Blaaaaaaaaaaaaaaaah.
Today has felt like one of the longest days ever.
It’s not that work was bad, or overly slow… in fact, it got really busy in spurts. But I just feel BLAH. Drained mostly, a little light-headed but I think that’s from lack of food today. Melinda’s having a party tonight and invited me! I want to go, but at the same time I feel all ~_~_~_~_~ and don’t really feel like being at a party. You know? One of those I want to hole up by myself for a while type of nights. :/ I feel bad, because I’ve never actually been to a kegger before, haha. And Melinda’s never hosted one before. But I’m just not up for it tonight. Which kind of makes me feel lame. My hair also feels really gross. I doubt it looks that gross, but I feel like it’s gross. Random, but true.
However, on another level I feel more grown up, haha. Recently, I made what I think is a pretty big decision regarding what I’m going to do in the future. Or at least it’s a stepping stone.
Originally I was going to go back to Japan in September. I did a bit of searching on the job front and found some that I was interested in, but nothing that really stood out. Then I realized I had to do all that extra work to get my certification saying I really did complete the requirements to be a certified ESL teacher, renew my passport and find a place that sponsors your visa.
I just started the certification process by asking for my transcript from University. I still have to go renew my passport (shouldn’t be a big deal) and I don’t want to go over to Japan with just a little amount of money.
So I decided to stay here for the autumn and head off to Japan in January. That gives me enough time to get everything done, find a decent job that I’m actually interested in doing and make some money in the meantime. I was just thinking about what I would do, when my boss told me that if I was around I could work in the office (he owns a software company) when the campground closes.
That would be pretty much awesome. I can work and earn money, and I also could keep my job at the conservatory. The one other thing that kind of held me back was leaving my students. I know I can’t stay with them forever and that I have to move on, but I really like these kids and I feel so guilty leaving them. Katey told me that all her piano teachers leave her, and she didn’t want me to leave. (By all, she means her former one, haha… but Katey is dramatic). But the point is, I really adore these kids so I’m happy to stay on for another few months and then also be able to say a proper goodbye. Instead of OKAY SUMMER’S OVER. NEW TEACHER. You know?

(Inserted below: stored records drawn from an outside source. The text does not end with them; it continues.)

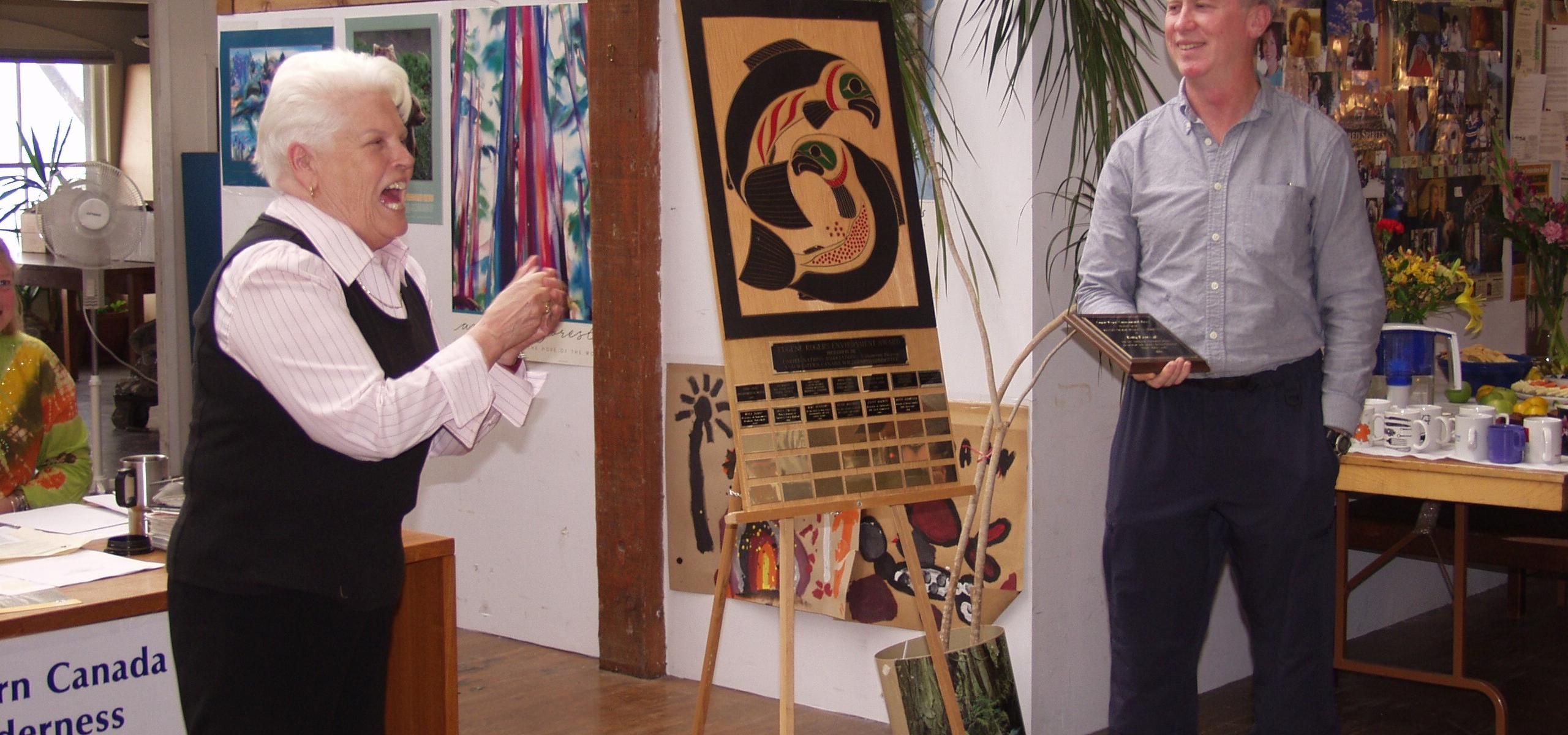 In memory of Eugene Rogers and the tradition of hard work he brought to the conservation movement, the Wilderness Committee presents the Eugene Rogers Award annually to a conservationist who has worked exceptionally hard to protect nature and who has made an outstanding contribution towards protecting wilderness and fish habitat. The award is in the form of a plaque, and it is accompanied by a $1,000 prize. The recipient's name is also placed with former recipients on a wood carving of spawning salmon by Salish artist William Watt that hangs in the Wilderness Committee offices.
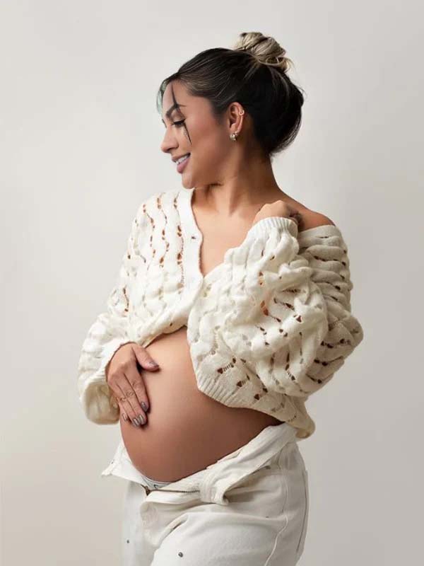 Momyknows White Knitwear Cardigan Single Breasted Photoshoot Maternity Top
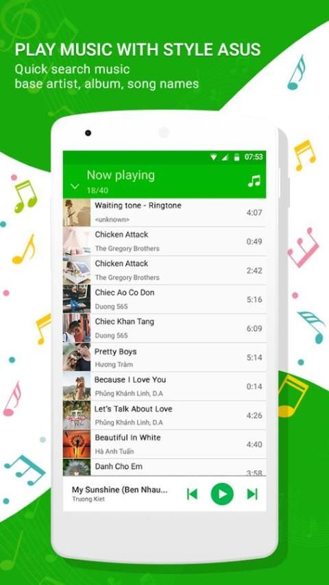 ♪ Mode & Berguna Music Player App: pemain Zenfone memiliki sederhana namun indah desain UI, Fashion desain untuk menampilkan stasiun musik listing seperti gaya asus ZenUI.
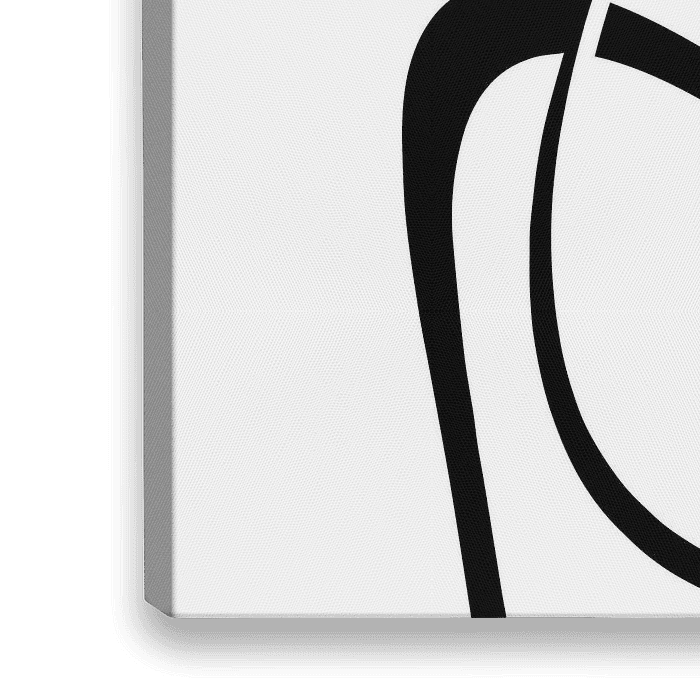 Minimale Linie und Form abstrakt in schwarz auf weiß. Zwei sich kreuzende Linien, eine dünnere und eine dickere, und eine schwarze organische ovale Form.
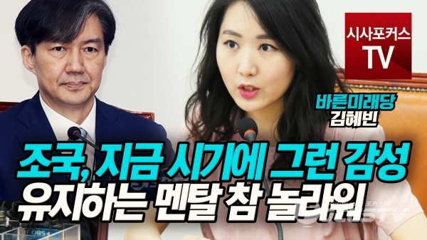 바른미래당 최고위원회의 [시사포커스 / 백대호 기자] 8월 21일 국회에서 진행된 바른미래당 최고위원회의에서 김혜빈 전국대학생위원장이 조국 법무부 장관 후보자에 대해 발언했다. 키워드 #김혜빈 #바른미래당 #조국 #용 #죽창 #멘탈 #청년 #특혜 #시사 #포커스 #시사포커스 #시사포커스tv 백대호 영상기자 eoghsla707@naver.com 다른기사 보기 저작권자 © 포커스TV 무단전재 및 재배포 금지 당신만 안 본 뉴스 국민의힘 조배숙 "추미애, 나경원 두려워하는거 아닌가?" 국민의힘 조배숙 "추미애, 나경원 두려워하는거 아닌가?" 개의 댓글 회원로그인 작성자 비밀번호 댓글 내용입력 댓글 정렬 최신순 추천순 답글순 BEST댓글 BEST 댓글 답글과 추천수를 합산하여 자동으로 노출됩니다. 닫기 더보기 댓글삭제 삭제한 댓글은 다시 복구할 수 없습니다. 그래도 삭제하시겠습니까? 비밀번호 닫기 댓글수정 댓글 수정은 작성 후 1분내에만 가능합니다. 본문 / 400 비밀번호 닫기 내 댓글 모음 닫기 주요기사 국민의힘 조배숙 "추미애, 나경원 두려워하는거 아닌가?" 국민의힘 김문수 당대표 후보 긴급기자회견 개혁신당 이준석 대표 우원식 국회의장 예방 타인 질병까지 공격 소재로?...박선원 인신공격에 제대로 열받은 주진우 의문 목동 한강빌라 모르쇠?...국민의힘 곽규택 "후보자 지인이 배우자 전세금-인테리어 비용 내준거 아니냐?"...김민석 "내가 계약 주체 아니라 몰라" 민주당 김병기 원내대표·국민의힘 송언석 원내대표
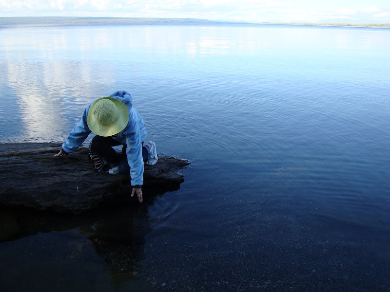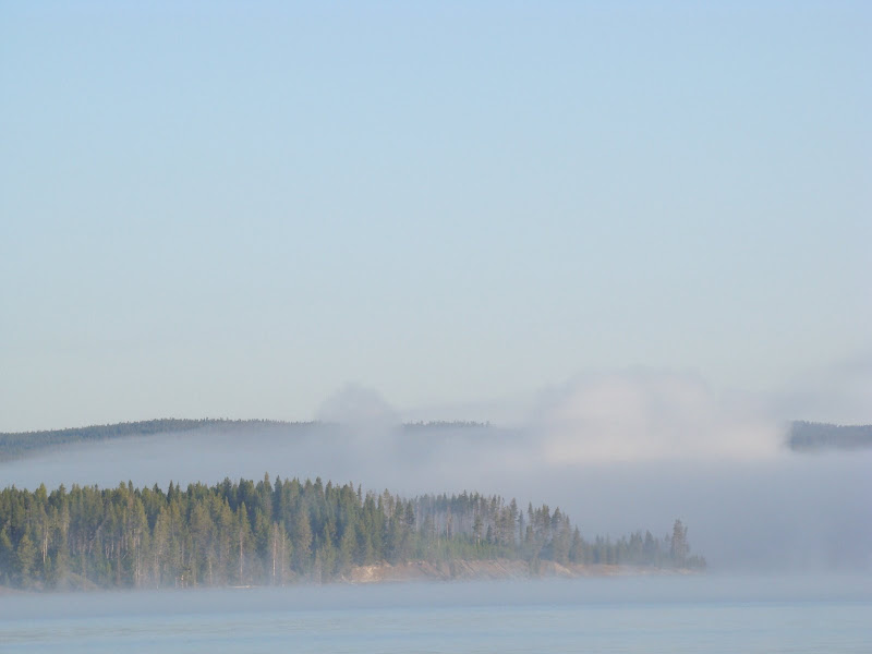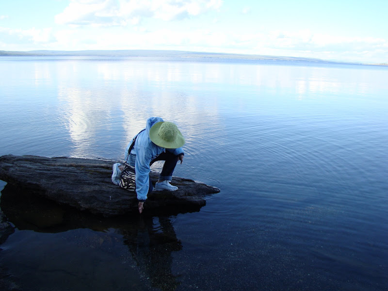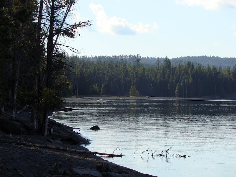 Vùng hồ tên là West Thumb nơi chúng tôi đến ngủ qua đêm vẫn còn địa nhiệt, ở sâu dưới hồ còn nóng, và một vài nơi còn xuất hiện geyser (mạch nước phun), fumarole (mạch phun khói) và đặc biệt hot spring (suối nước nóng).

I think I’d like to take these extra few months to really work on my Japanese as well. I know I use it everyday for Shattered-Tranquility.net, but I’d like to become much, much better than I currently am. So maybe if I actively study, it will improve… at least a little bit.
So yes, that is what I have decided and am going to. I really want to go back to Japan and I’m looking forward to it, but I also have loose ends to tie up here and I wouldn’t feel comfortable going over only having a thousand or so dollars — just in case.